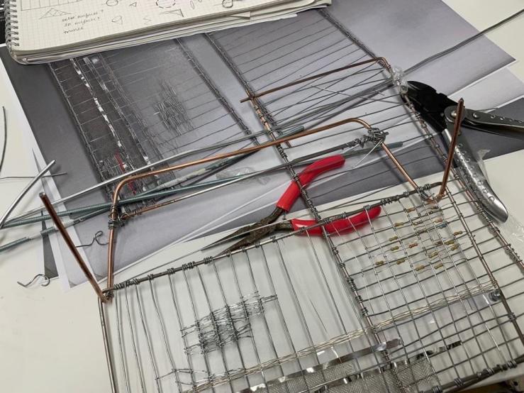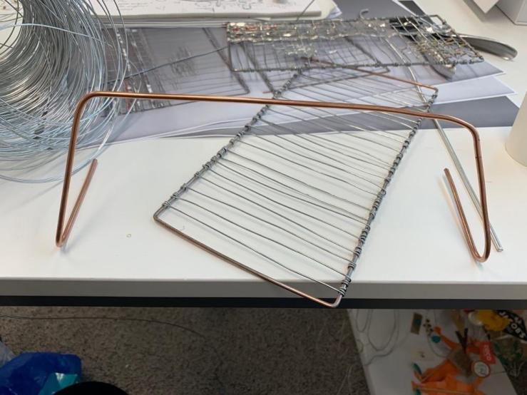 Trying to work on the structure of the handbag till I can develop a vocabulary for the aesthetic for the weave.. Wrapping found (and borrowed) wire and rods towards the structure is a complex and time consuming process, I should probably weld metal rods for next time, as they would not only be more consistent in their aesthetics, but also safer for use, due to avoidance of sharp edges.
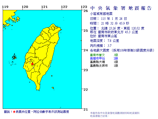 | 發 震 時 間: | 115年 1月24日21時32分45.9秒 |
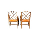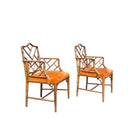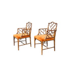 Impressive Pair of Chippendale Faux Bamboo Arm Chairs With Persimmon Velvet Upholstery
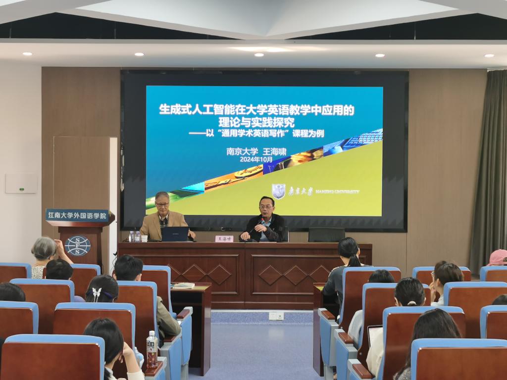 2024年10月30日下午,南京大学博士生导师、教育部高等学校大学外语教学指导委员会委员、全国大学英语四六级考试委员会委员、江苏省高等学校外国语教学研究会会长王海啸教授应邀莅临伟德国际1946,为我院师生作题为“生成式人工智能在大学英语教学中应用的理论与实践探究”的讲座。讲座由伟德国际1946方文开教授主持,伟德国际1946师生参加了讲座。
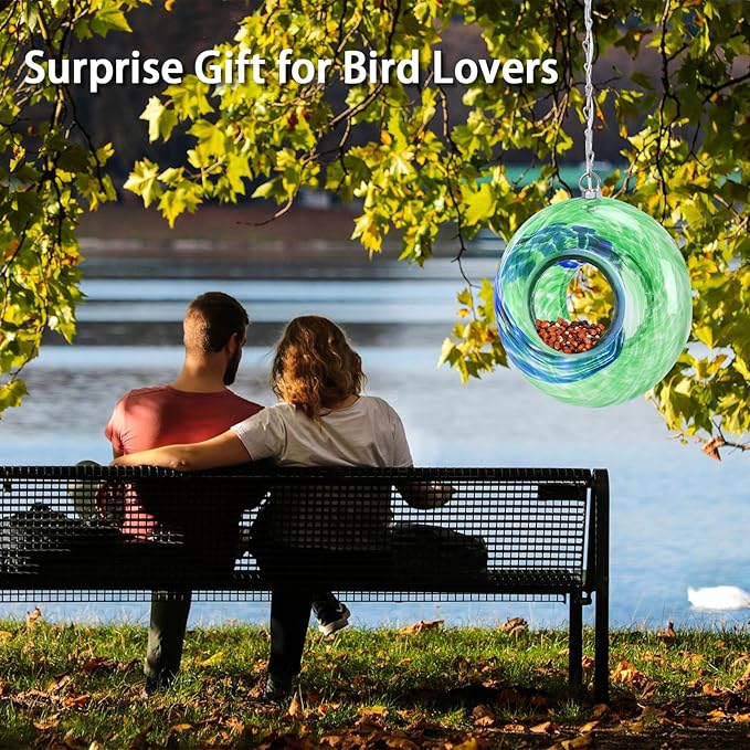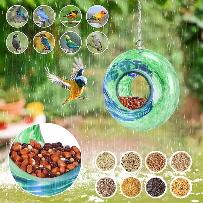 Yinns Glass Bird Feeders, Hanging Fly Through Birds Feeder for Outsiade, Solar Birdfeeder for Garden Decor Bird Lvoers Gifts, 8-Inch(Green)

---

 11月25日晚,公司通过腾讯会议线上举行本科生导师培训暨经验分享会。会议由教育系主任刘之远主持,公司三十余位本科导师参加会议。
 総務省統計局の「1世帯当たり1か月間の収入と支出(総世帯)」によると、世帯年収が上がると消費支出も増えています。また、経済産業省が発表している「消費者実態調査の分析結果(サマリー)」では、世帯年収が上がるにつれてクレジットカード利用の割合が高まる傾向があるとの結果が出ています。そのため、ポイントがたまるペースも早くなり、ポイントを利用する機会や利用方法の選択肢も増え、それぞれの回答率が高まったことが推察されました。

• **How to complete this task**: Return the lines above from the one with "115年 1月24日21時32分45.9秒 |" through the one with "Yinns Glass Bird", verbatim and nothing else. Omit every picture.

• **Output of the task**:
 | 發 震 時 間: | 115年 1月24日21時32分45.9秒 |
 Impressive Pair of Chippendale Faux Bamboo Arm Chairs With Persimmon Velvet Upholstery
 2024年10月30日下午,南京大学博士生导师、教育部高等学校大学外语教学指导委员会委员、全国大学英语四六级考试委员会委员、江苏省高等学校外国语教学研究会会长王海啸教授应邀莅临伟德国际1946,为我院师生作题为“生成式人工智能在大学英语教学中应用的理论与实践探究”的讲座。讲座由伟德国际1946方文开教授主持,伟德国际1946师生参加了讲座。
 Yinns Glass Bird Feeders, Hanging Fly Through Birds Feeder for Outsiade, Solar Birdfeeder for Garden Decor Bird Lvoers Gifts, 8-Inch(Green)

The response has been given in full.